**Records to process:**
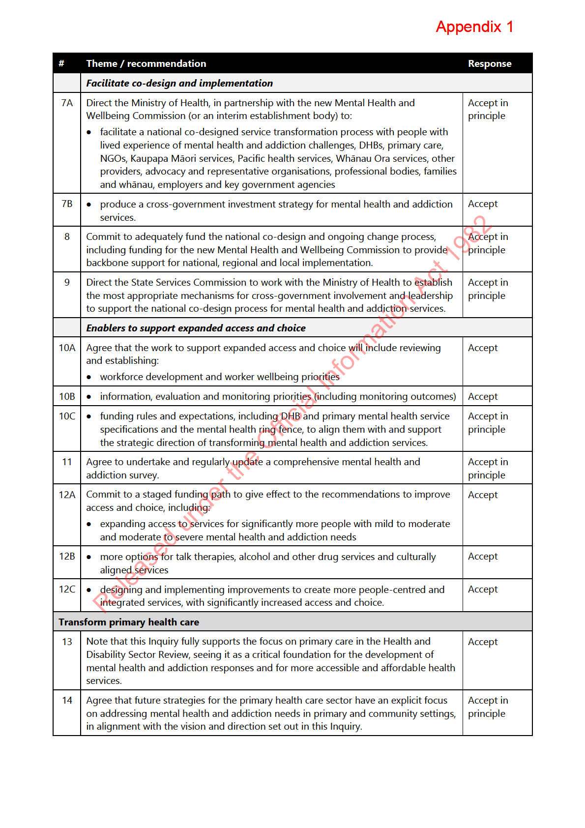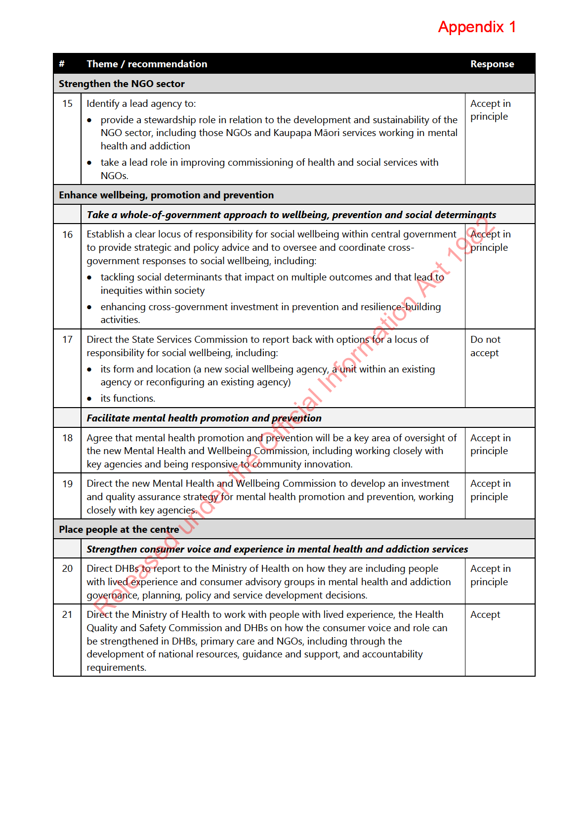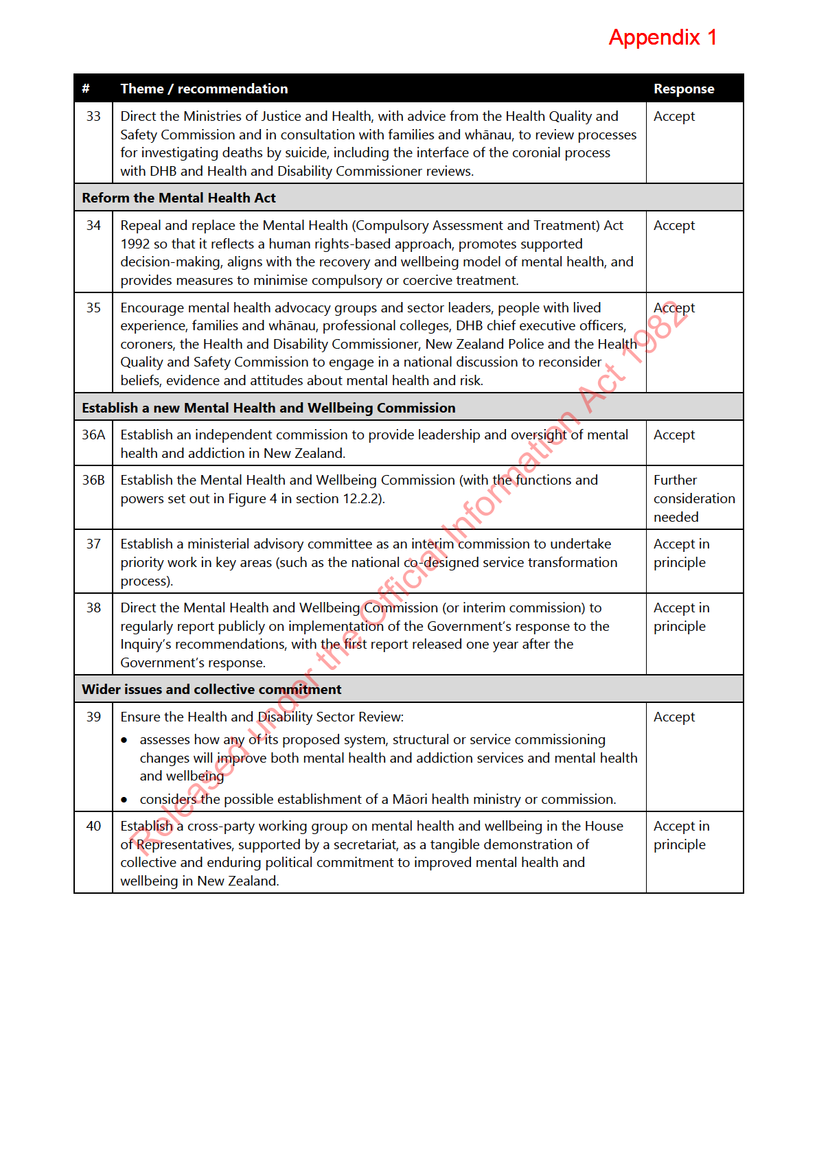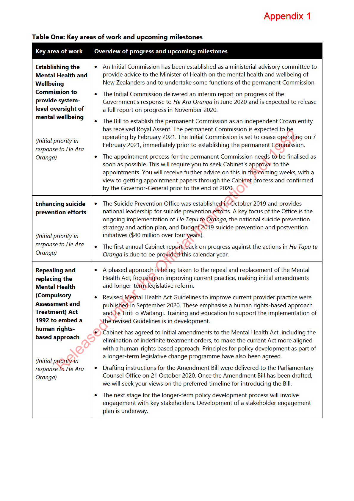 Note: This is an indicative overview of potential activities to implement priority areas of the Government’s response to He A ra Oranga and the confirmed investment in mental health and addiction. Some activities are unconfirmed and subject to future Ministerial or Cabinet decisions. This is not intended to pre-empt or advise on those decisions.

...

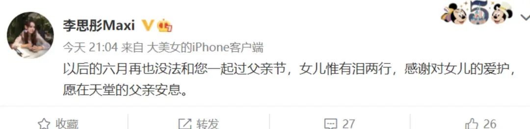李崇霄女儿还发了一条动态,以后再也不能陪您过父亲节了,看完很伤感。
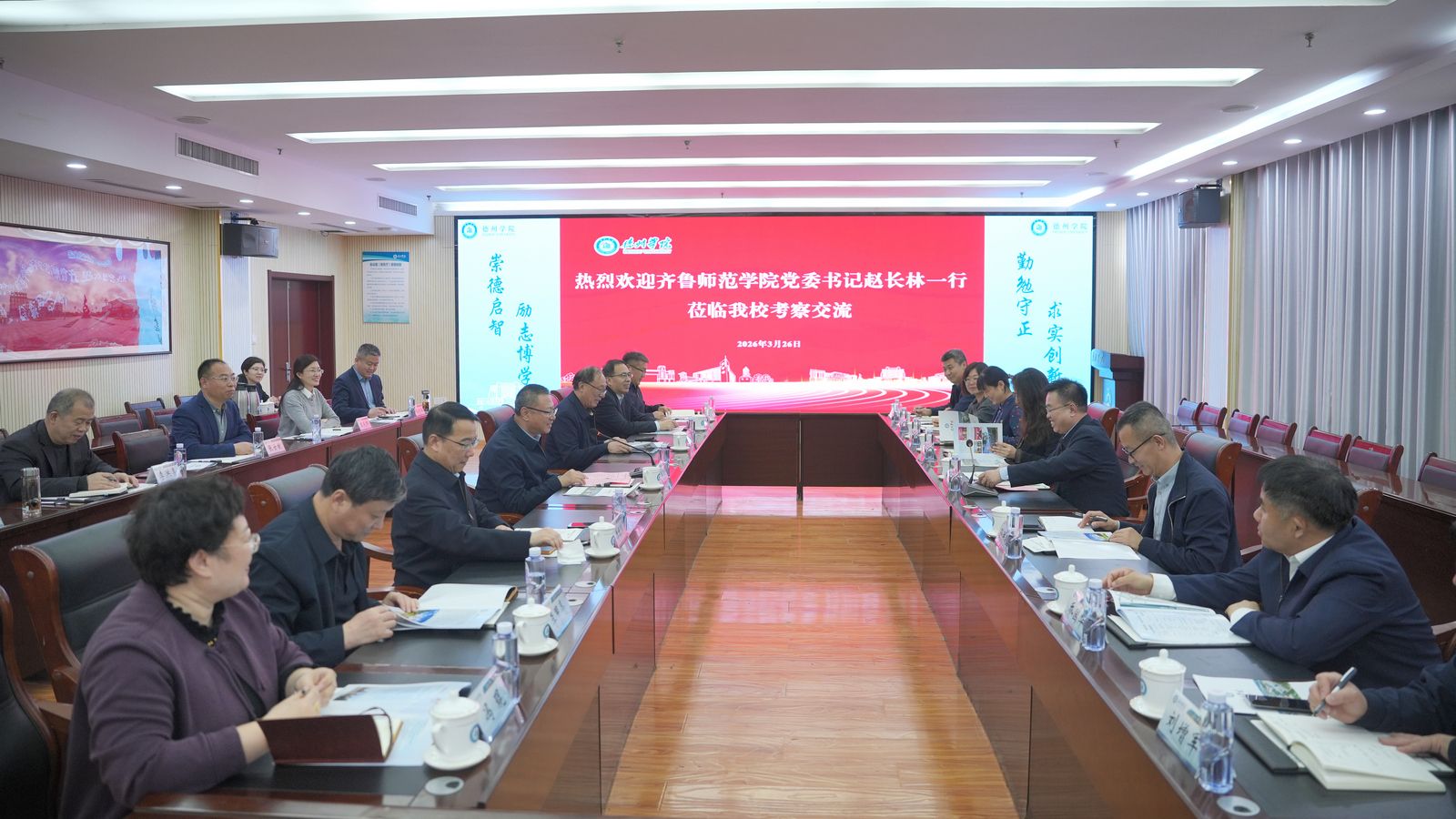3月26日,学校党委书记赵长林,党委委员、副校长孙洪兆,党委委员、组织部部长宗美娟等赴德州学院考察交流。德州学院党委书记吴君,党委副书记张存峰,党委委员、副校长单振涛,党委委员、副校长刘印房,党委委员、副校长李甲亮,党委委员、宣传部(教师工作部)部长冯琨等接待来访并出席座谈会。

--

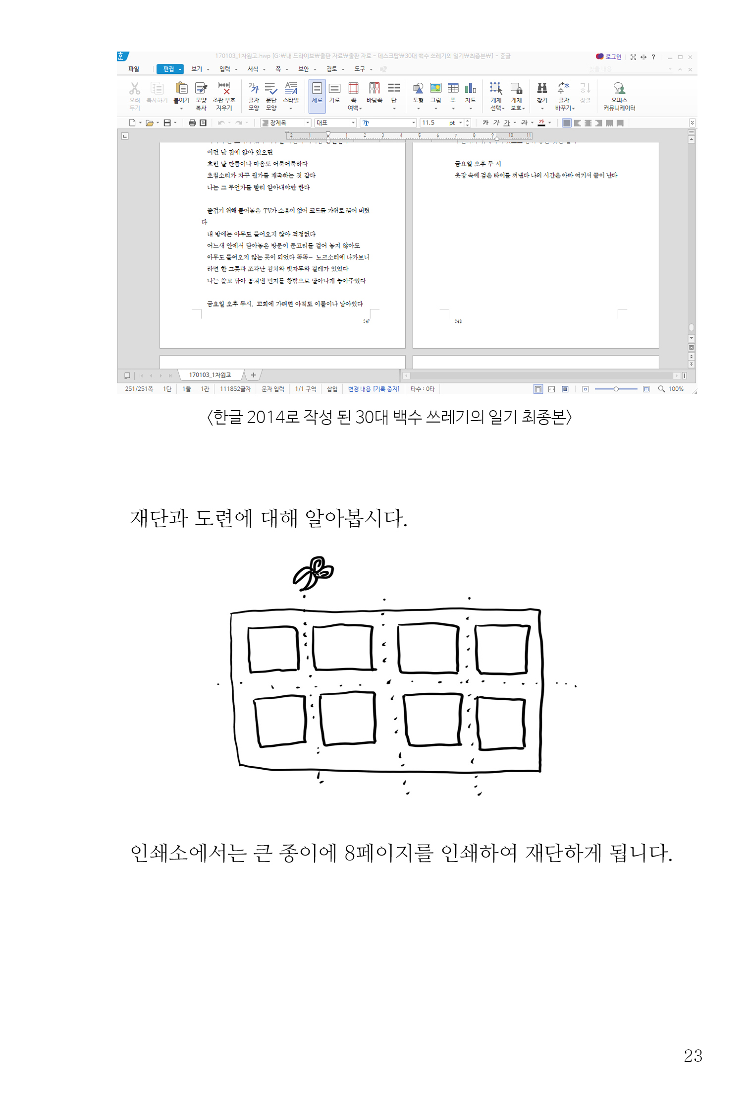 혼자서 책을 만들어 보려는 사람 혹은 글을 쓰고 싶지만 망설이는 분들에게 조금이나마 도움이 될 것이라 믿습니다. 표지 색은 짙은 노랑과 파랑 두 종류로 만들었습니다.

**Work task:**
Go back to the lines above and output, exactly as they stand, the ones from the line containing "李崇霄女儿还发了一条动态,以后再也不能陪您过父亲节了,看完很伤感。" to the line containing "3月26日,学校党委书记赵长". Leave all pictures behind.

**Problem solution:**
李崇霄女儿还发了一条动态,以后再也不能陪您过父亲节了,看完很伤感。
3月26日,学校党委书记赵长林,党委委员、副校长孙洪兆,党委委员、组织部部长宗美娟等赴德州学院考察交流。德州学院党委书记吴君,党委副书记张存峰,党委委员、副校长单振涛,党委委员、副校长刘印房,党委委员、副校长李甲亮,党委委员、宣传部(教师工作部)部长冯琨等接待来访并出席座谈会。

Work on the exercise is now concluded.